DATA TO PROCESS:
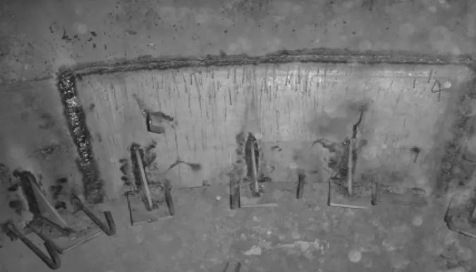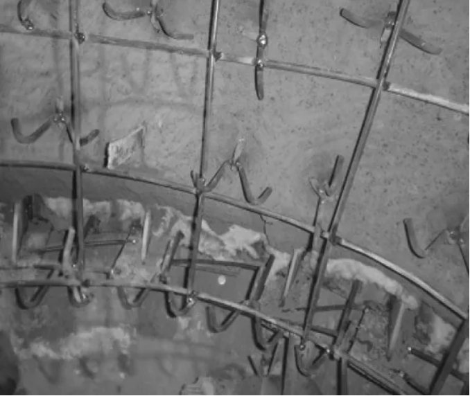 (4)原錨固件為Y銷釘,每隔150mm交錯布置,銷釘端部沒有鋼筋網(wǎng)格,使耐火材料無法形成整體,個別銷釘失效后會使局部耐火材料松動,相鄰耐火材料之間沒有可靠聯(lián)系,終脫落。
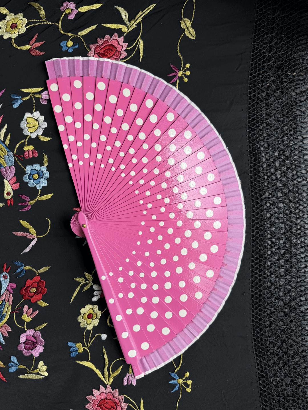 Abanico español de 23 cm pintado a mano de ambos lados. Seleccionado especialmente para baile flamenco.
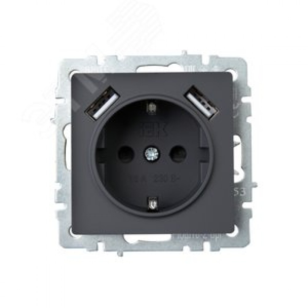 BRITE Розетка 1 пост с заземлением с защитными шторками 16А с USB A+A 5В 3,1А РЮш10-2-БрГ графит
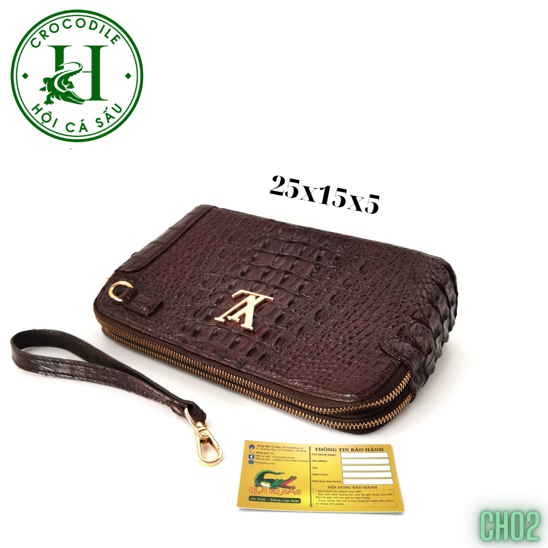 Sản phẩm Clutch cao cấp CH02 được làm từ chất liệu da cá sấu thật cao cấp, chọn lọc kỹ càng, nghiêm ngặt theo quy trình của HỘI CÁ SẤU, được gia công thủ công bởi đội ngũ thợ lành nghề HỘI CÁ SẤU đảm bảo sản phẩm có độ bền cao và đồng thời tạo nên vẻ đẹp tự nhiên, độc đáo của sản phẩm da cá sấu. Kích thước thiết kế tiêu chuẩn vừa đảm bảo tính nhỏ gọn, tiện dụng và vừa đảm bảo đầy đủ công năng sử dụng, vừa đủ để đựng các vật dụng cần thiết như điện thoại, ví tiền, chìa khóa và các vật dụng khác. Sản phẩm clutch da cá sấu có nhiều ngăn để bạn có thể sắp xếp vật dụng một cách gọn gàng, khoa học. Thiết kế sang trọng, đẳng cấp và tính tiện dụng cao, sản phẩm clutch chất liệu da cá sấu sẽ là một món quà tuyệt vời dành cho những người đàn ông yêu thích phong cách trang nhã và đẳng cấp.
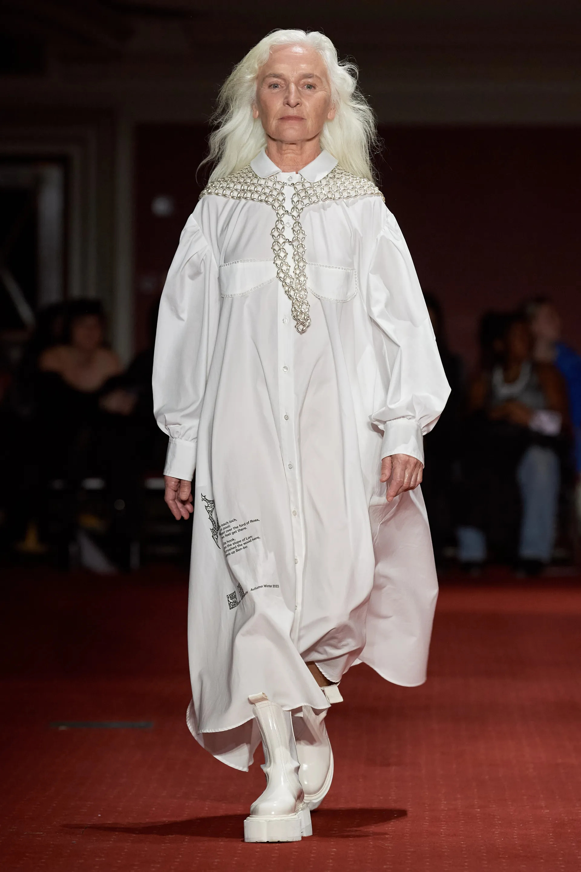 І хоча після показу Сімон сказала, що вона хотіла, аби це “відчувалося приземлено, ніби із землі”, яскравість, об’ємність, силуетність цієї колекції і в чоловічих, і в жіночих образах була помітною, що робить шоу Simone Rocha FW 23/24 одним із найяскравіших показів лондонського сезону.
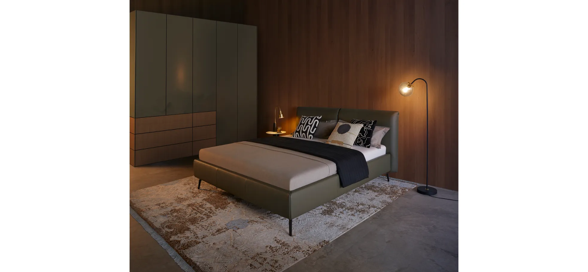 Das Polsterbett Delia von Contur vereint modernes Design mit funktionalem Komfort. Mit einer großzügigen Liegefläche von ca. 180×200 cm bietet es genügend Platz für erholsame Nächte. Der elegante Bezug aus Leder sorgt für eine ansprechende Optik und ist gleichzeitig pflegeleicht. Die stabilen, schwarzen Metallwinkelfüße verleihen dem Bett nicht nur einen zeitgemäßen Look, sondern garantieren auch eine hohe Stabilität und Langlebigkeit.
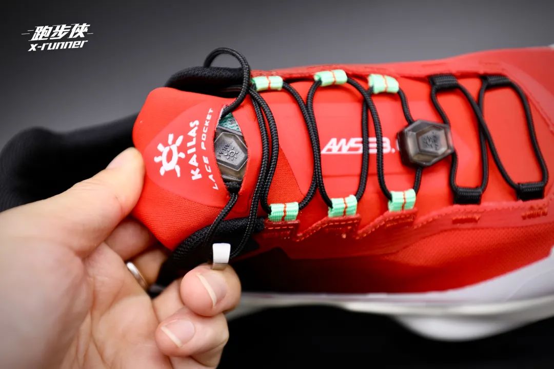 同时,鞋款还设计了与防砂套连接的挂点,防止砂石进入鞋内对脚造成损伤、透气、弹力、运动无阻碍。
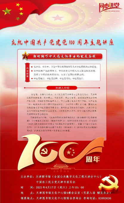 在建黨百年華誕來臨之際,2021年4月17日,由天津圖書館、中國農工民主黨天津市委員會主辦的“同心講堂”,邀請天津市中醫藥研究院副院長、我校醫學系名老中醫大師工作室領銜專家——張智龍教授,以“慶祝中國共產黨建黨100周年—新時期下中醫藥文化事業的發展歷程”為主題進行匯報講座。
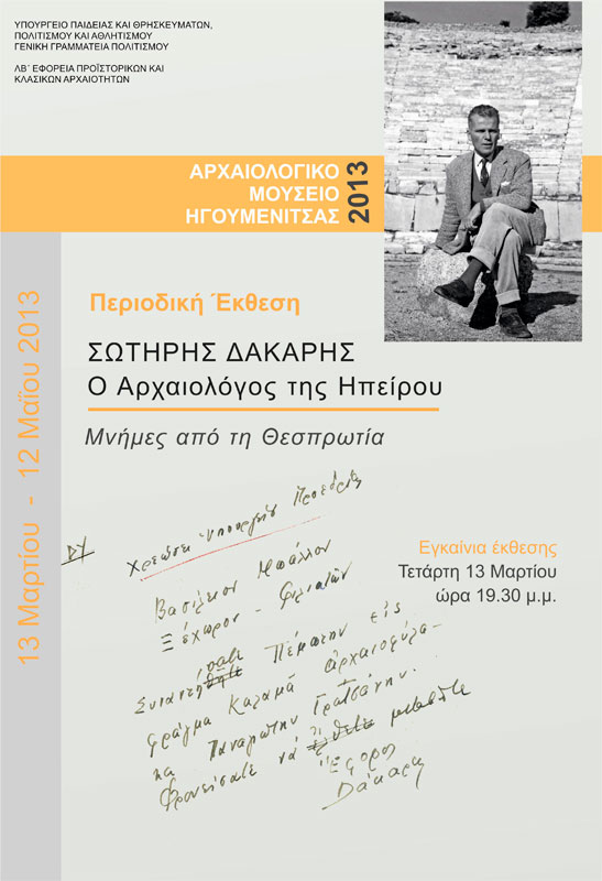 Περιοδική έκθεση με τίτλο «Σωτήρης Δάκαρης. Ο Αρχαιολόγος της Ηπείρου. Μνήμες από τη Θεσπρωτία» φιλοξενεί η ΛΒ’ Εφορεία Προϊστορικών και Κλασικών Αρχαιοτήτων στο Αρχαιολογικό Μουσείο Ηγουμενίτσας.
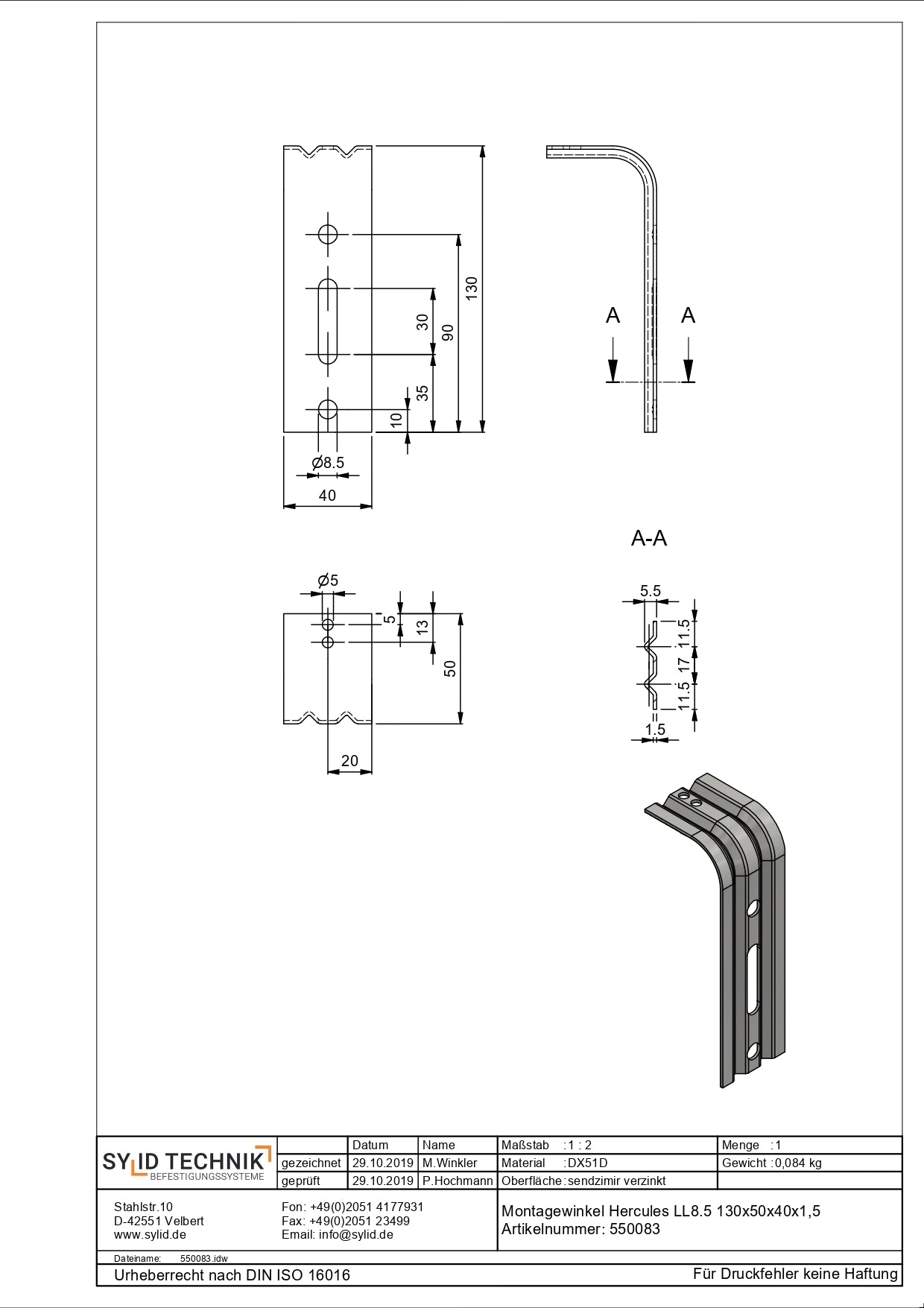Werkstoff: Stahl (DX51D+Z150MAC)
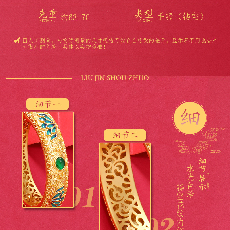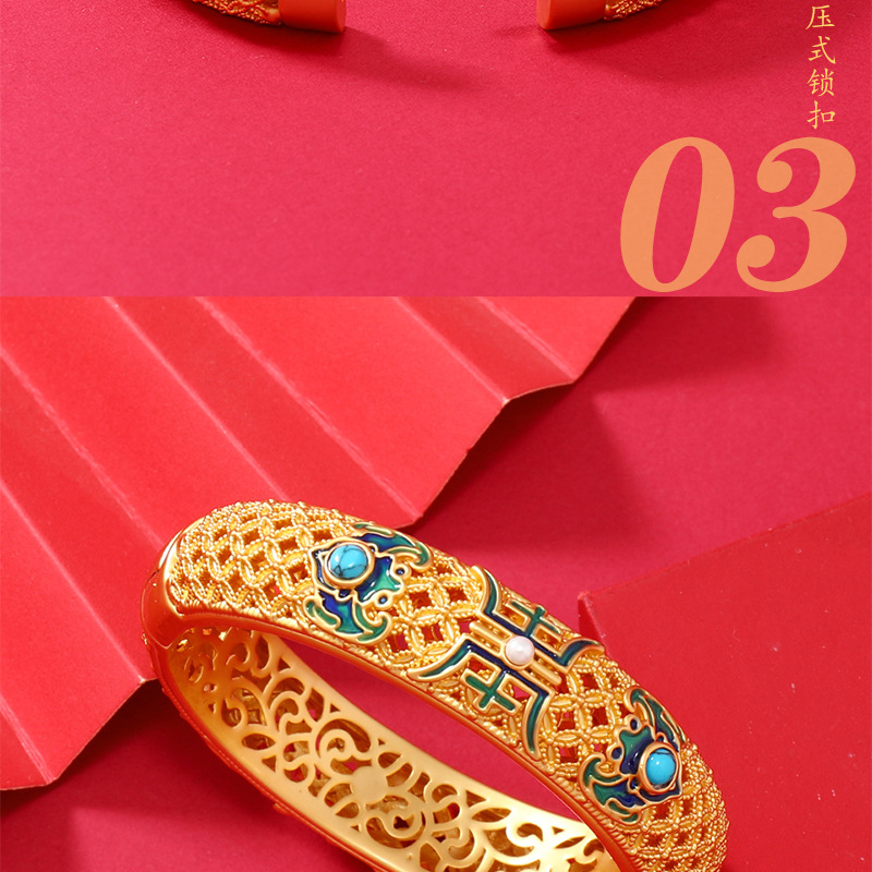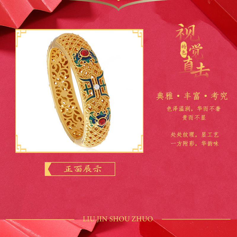 材质: 景泰蓝 货号: S2023035 品牌: 时代丽姿 处理工艺: 电镀 产地: 义乌 主要下游平台: PDD,天猫,拼多多,抖音 有可授权的自有品牌: 是 是否跨境出口专供货源: 否 流行元素: 如意,招财猫,祥云,福字,万字,龙凤纹饰 上市年份/季节: 2025年春季 重量: 0.5 kg/个

WHAT THE TASK ASKS: Each entry should be transcribed exactly as given, with pictures omitted.

PROBLEM SOLUTION:
 (4)原錨固件為Y銷釘,每隔150mm交錯布置,銷釘端部沒有鋼筋網(wǎng)格,使耐火材料無法形成整體,個別銷釘失效后會使局部耐火材料松動,相鄰耐火材料之間沒有可靠聯(lián)系,終脫落。
 Abanico español de 23 cm pintado a mano de ambos lados. Seleccionado especialmente para baile flamenco.
 BRITE Розетка 1 пост с заземлением с защитными шторками 16А с USB A+A 5В 3,1А РЮш10-2-БрГ графит
 Sản phẩm Clutch cao cấp CH02 được làm từ chất liệu da cá sấu thật cao cấp, chọn lọc kỹ càng, nghiêm ngặt theo quy trình của HỘI CÁ SẤU, được gia công thủ công bởi đội ngũ thợ lành nghề HỘI CÁ SẤU đảm bảo sản phẩm có độ bền cao và đồng thời tạo nên vẻ đẹp tự nhiên, độc đáo của sản phẩm da cá sấu. Kích thước thiết kế tiêu chuẩn vừa đảm bảo tính nhỏ gọn, tiện dụng và vừa đảm bảo đầy đủ công năng sử dụng, vừa đủ để đựng các vật dụng cần thiết như điện thoại, ví tiền, chìa khóa và các vật dụng khác. Sản phẩm clutch da cá sấu có nhiều ngăn để bạn có thể sắp xếp vật dụng một cách gọn gàng, khoa học. Thiết kế sang trọng, đẳng cấp và tính tiện dụng cao, sản phẩm clutch chất liệu da cá sấu sẽ là một món quà tuyệt vời dành cho những người đàn ông yêu thích phong cách trang nhã và đẳng cấp.
 І хоча після показу Сімон сказала, що вона хотіла, аби це “відчувалося приземлено, ніби із землі”, яскравість, об’ємність, силуетність цієї колекції і в чоловічих, і в жіночих образах була помітною, що робить шоу Simone Rocha FW 23/24 одним із найяскравіших показів лондонського сезону.
 Das Polsterbett Delia von Contur vereint modernes Design mit funktionalem Komfort. Mit einer großzügigen Liegefläche von ca. 180×200 cm bietet es genügend Platz für erholsame Nächte. Der elegante Bezug aus Leder sorgt für eine ansprechende Optik und ist gleichzeitig pflegeleicht. Die stabilen, schwarzen Metallwinkelfüße verleihen dem Bett nicht nur einen zeitgemäßen Look, sondern garantieren auch eine hohe Stabilität und Langlebigkeit.
 同时,鞋款还设计了与防砂套连接的挂点,防止砂石进入鞋内对脚造成损伤、透气、弹力、运动无阻碍。
 在建黨百年華誕來臨之際,2021年4月17日,由天津圖書館、中國農工民主黨天津市委員會主辦的“同心講堂”,邀請天津市中醫藥研究院副院長、我校醫學系名老中醫大師工作室領銜專家——張智龍教授,以“慶祝中國共產黨建黨100周年—新時期下中醫藥文化事業的發展歷程”為主題進行匯報講座。
 Περιοδική έκθεση με τίτλο «Σωτήρης Δάκαρης. Ο Αρχαιολόγος της Ηπείρου. Μνήμες από τη Θεσπρωτία» φιλοξενεί η ΛΒ’ Εφορεία Προϊστορικών και Κλασικών Αρχαιοτήτων στο Αρχαιολογικό Μουσείο Ηγουμενίτσας.
Werkstoff: Stahl (DX51D+Z150MAC)
 材质: 景泰蓝 货号: S2023035 品牌: 时代丽姿 处理工艺: 电镀 产地: 义乌 主要下游平台: PDD,天猫,拼多多,抖音 有可授权的自有品牌: 是 是否跨境出口专供货源: 否 流行元素: 如意,招财猫,祥云,福字,万字,龙凤纹饰 上市年份/季节: 2025年春季 重量: 0.5 kg/个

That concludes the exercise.